MvStore cache leak

已查看 87 次
跳至第一个未读帖子

Mark McKeown

未读,
2020年10月23日 13:13:012020/10/23
收件人 h2-da...@googlegroups.com
Hi,
     We had an OOM event that seems to be triggered by the MvStore cache, in the heap dump there were many more objects than expected - these are stored in MvStore and so would not expect to see so many in memory. The MvStore has a cache size configured to 4GB.

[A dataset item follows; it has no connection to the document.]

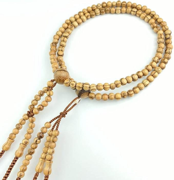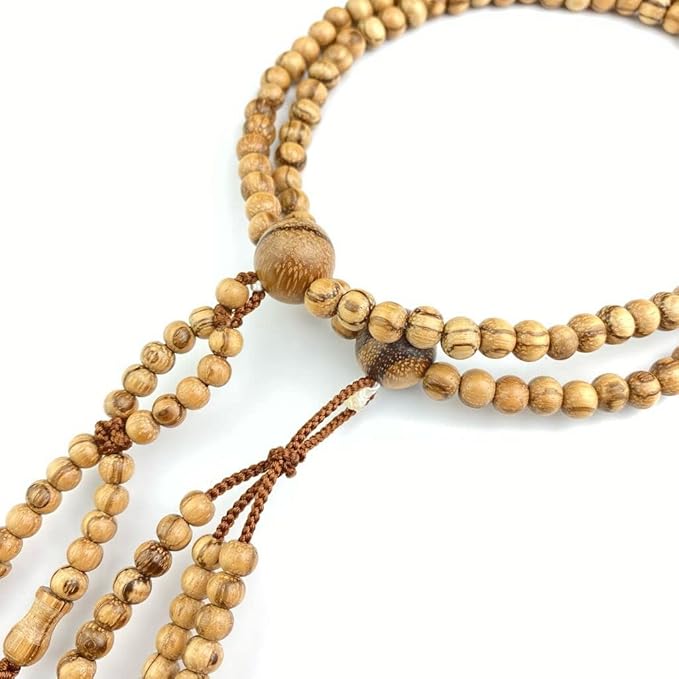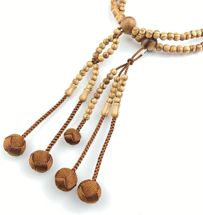 日蓮宗男性女性通用の木製数珠です、素材は虎纹木を採用しております。天然木を使用し、細かくて丁寧に研磨して加工します。虎纹木は虎の皮のような模様があるので虎纹木というが、この木目ははっきりしていて、木は硬く、しかも表面は繊細で数珠を作るのに適した材料です。房は、丈夫で扱い易く、型崩れを起こさない小田巻梵天房を採用させて頂きました。

Looking at the heap dump and in particular the MvStore cache I can see that the "usedMemory" of the Segments in the cache is a negative number, -8011050513476,  this would mean the cache would not be evicting stuff, leading to the many more objects in memory than expected.

The other segments in the cache also seem to have negative "usedMemory".

I have attached a screenshot from VisualVM to illustrate what I am seeing. The heap is too big to calculate retained size.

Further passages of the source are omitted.